Statistical Advantages of Perturbing Cosine Router in Mixture of Experts

TL;DR

This paper analyzes the statistical properties of the cosine router in Mixture of Experts, revealing slow convergence rates that can be improved by adding noise, and validates these findings through extensive simulations.

Contribution

It provides the first comprehensive theoretical analysis of the cosine router in MoE, demonstrating how noise perturbation improves estimation rates.

Findings

Without perturbation, estimation rates are as slow as O(1/ log^τ(n)).

Adding noise to the cosine router improves convergence to polynomial rates.

Simulation studies confirm the theoretical improvements in both synthetic and real data.

Abstract

The cosine router in Mixture of Experts (MoE) has recently emerged as an attractive alternative to the conventional linear router.

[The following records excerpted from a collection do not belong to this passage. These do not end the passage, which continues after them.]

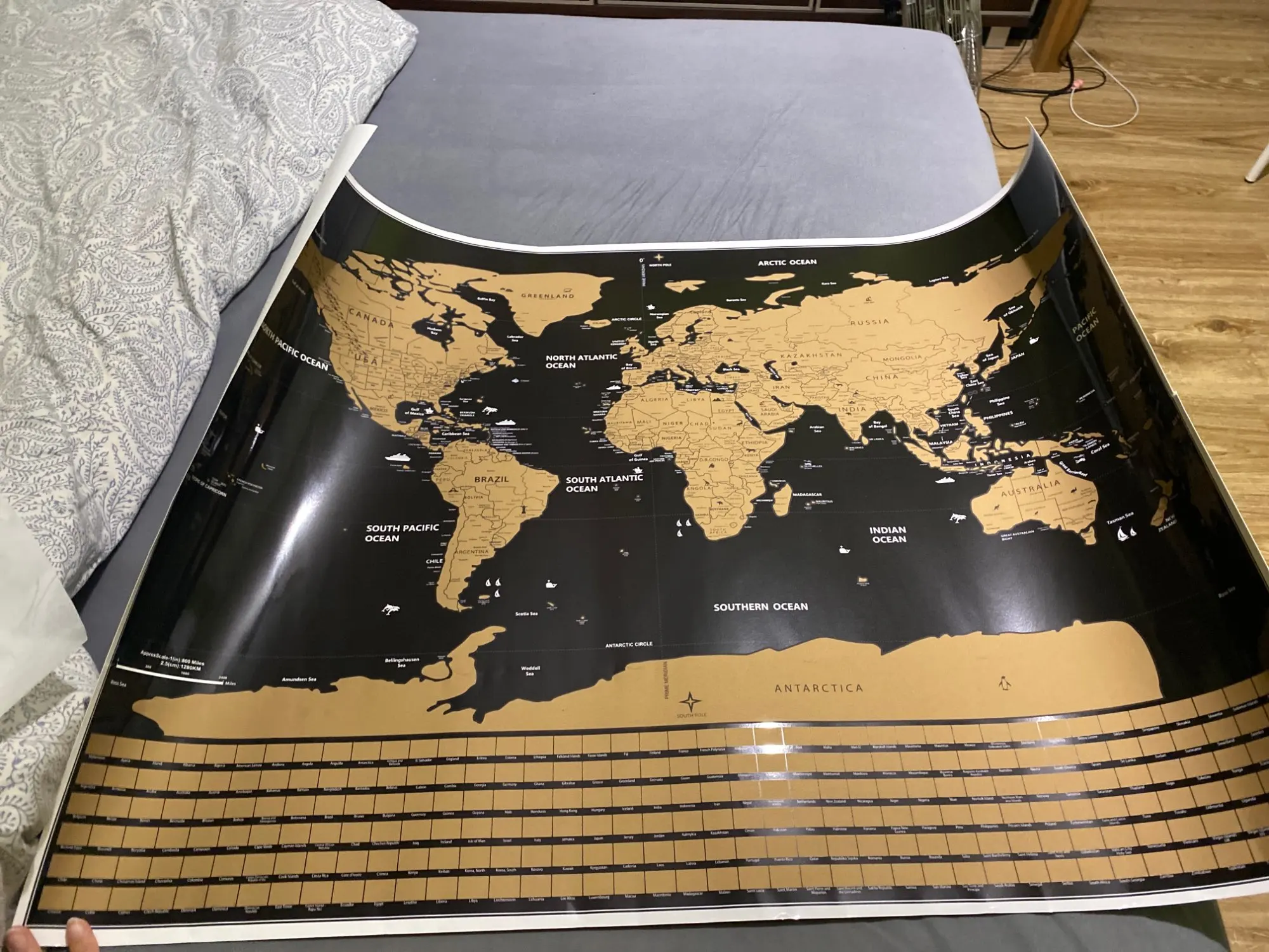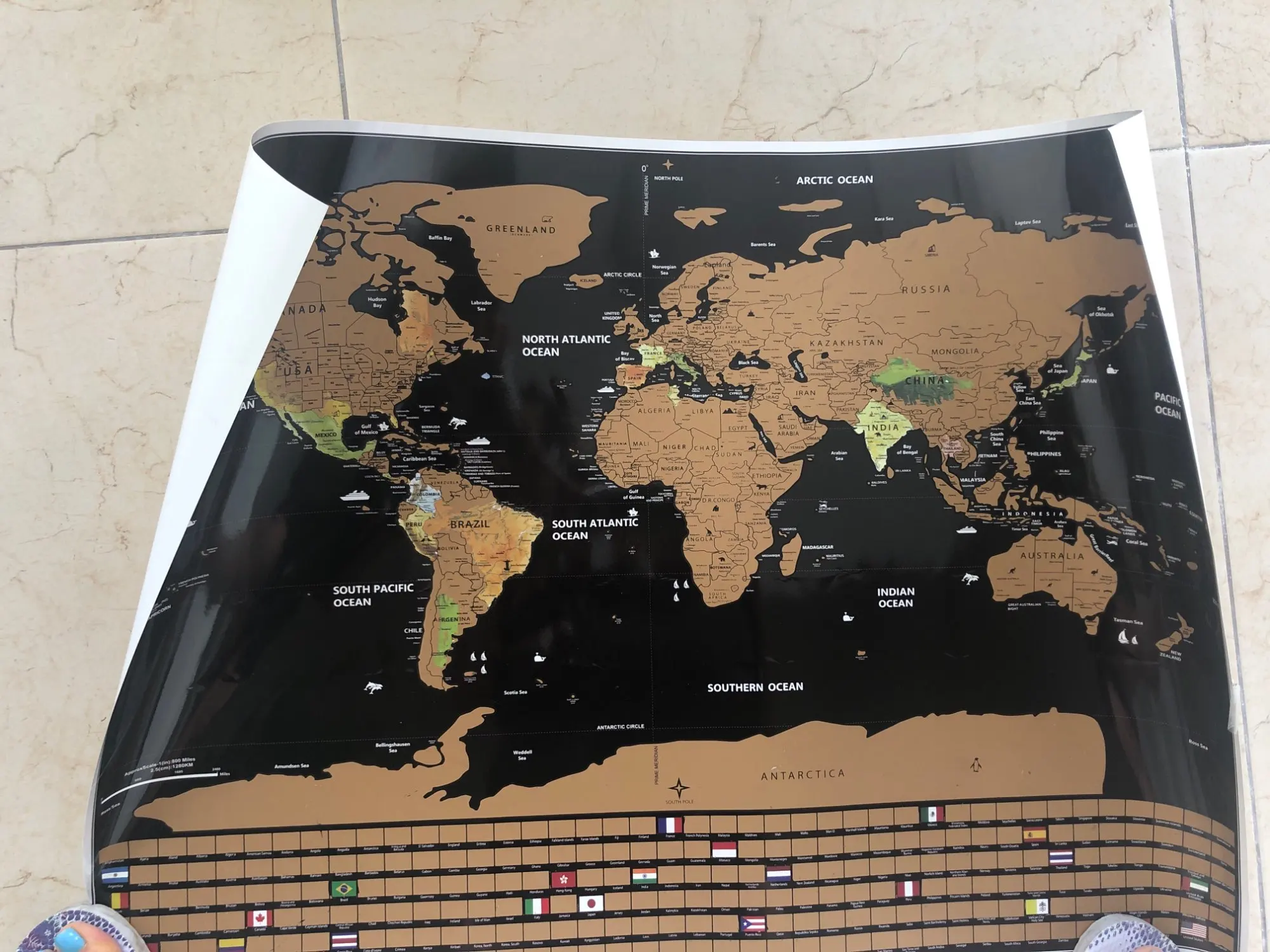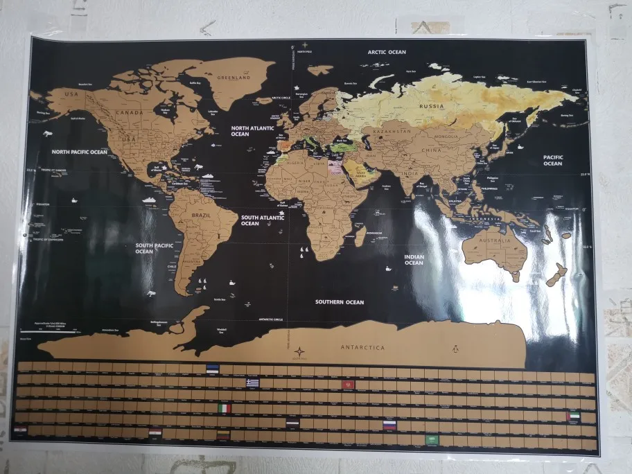 Para os viajantes de carteirinha, aqui está um novo desafio para você: O Mapa de Raspar Pôster Raspadinha do Mundo 82x60cm.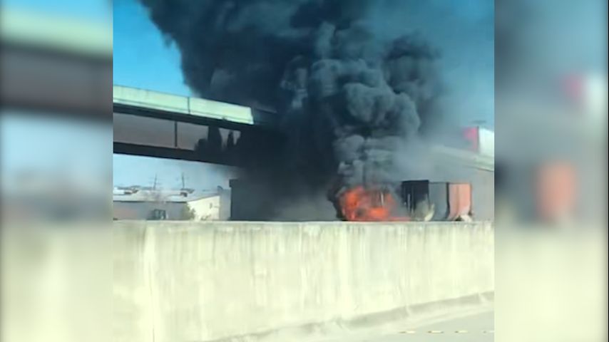 The inferno was first spotted shortly before 2:30 p.m. on the westbound side of the interstate, just past Siegen Lane. It wasn't immediately clear what caused the fire or if anyone was hurt.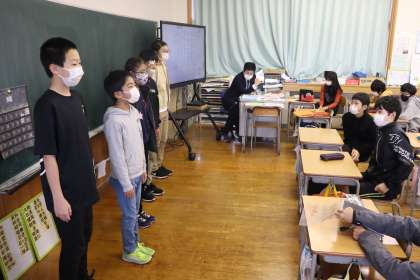前半は、明日の生活朝会で行われる「いじめ見逃しゼロスクール集会」の発表練習を行っていました。前に立って発表する5人とその他の子どもたちで声を合わせながら、6年生の取り組みと決意を堂々と発表していました。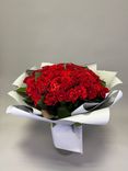 Этот букет – истинное воплощение страсти, элегантности и неподдельных эмоций. 101 ярко-красная роза, бережно обернутая в стильную серую упаковку, создаст неповторимую атмосферу торжества и романтики. Каждый бутон этого букета словно рассказывает историю вашей любви, восхищения и преданности.
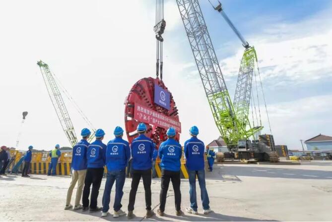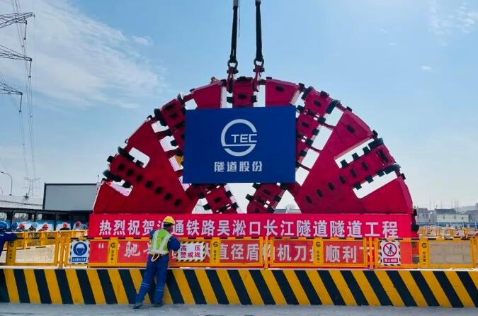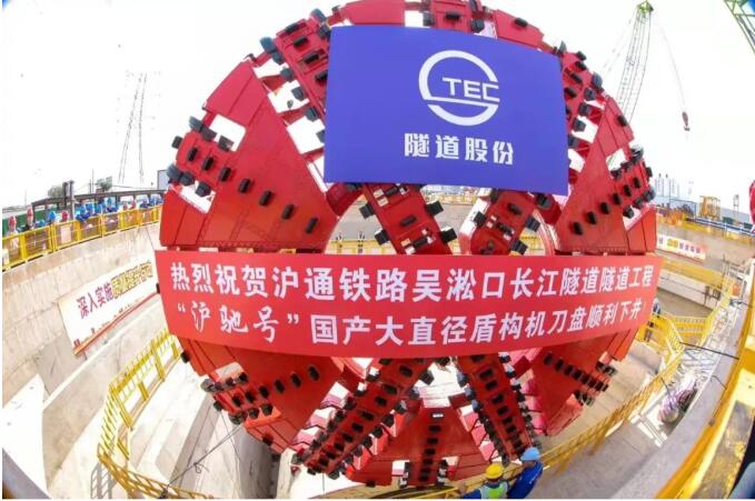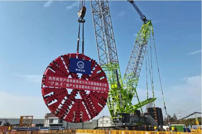 11月2日,沪通铁路吴淞口长江隧道工程直径10.69米国产大直径盾构“沪驰号”盾构刀盘顺利吊装下井!

Indeed, the cosine router demonstrates favorable performance in image and language tasks and exhibits better ability to mitigate the representation collapse issue, which often leads to parameter redundancy and limited representation potentials. Despite its empirical success, a comprehensive analysis of the cosine router in MoE has been lacking. Considering the least square estimation of the cosine routing MoE, we demonstrate that due to the intrinsic interaction of the model parameters in the cosine router via some partial differential equations, regardless of the structures of the experts, the estimation rates of experts and model parameters can be as slow as $\mathcal{O}(1/\log^{\tau}(n))$ where $\tau > 0$ is some constant and $n$ is the sample size. Surprisingly, these pessimistic non-polynomial convergence rates can be circumvented by the widely used technique in practice to stabilize the cosine router -- simply adding noises to the $\ell^2$-norms in the cosine router, which we refer to as \textit{perturbed cosine router}. Under the strongly identifiable settings of the expert functions, we prove that the estimation rates for both the experts and model parameters under the perturbed cosine routing MoE are significantly improved to polynomial rates. Finally, we conduct extensive simulation studies in both synthetic and real data settings to empirically validate our theoretical results.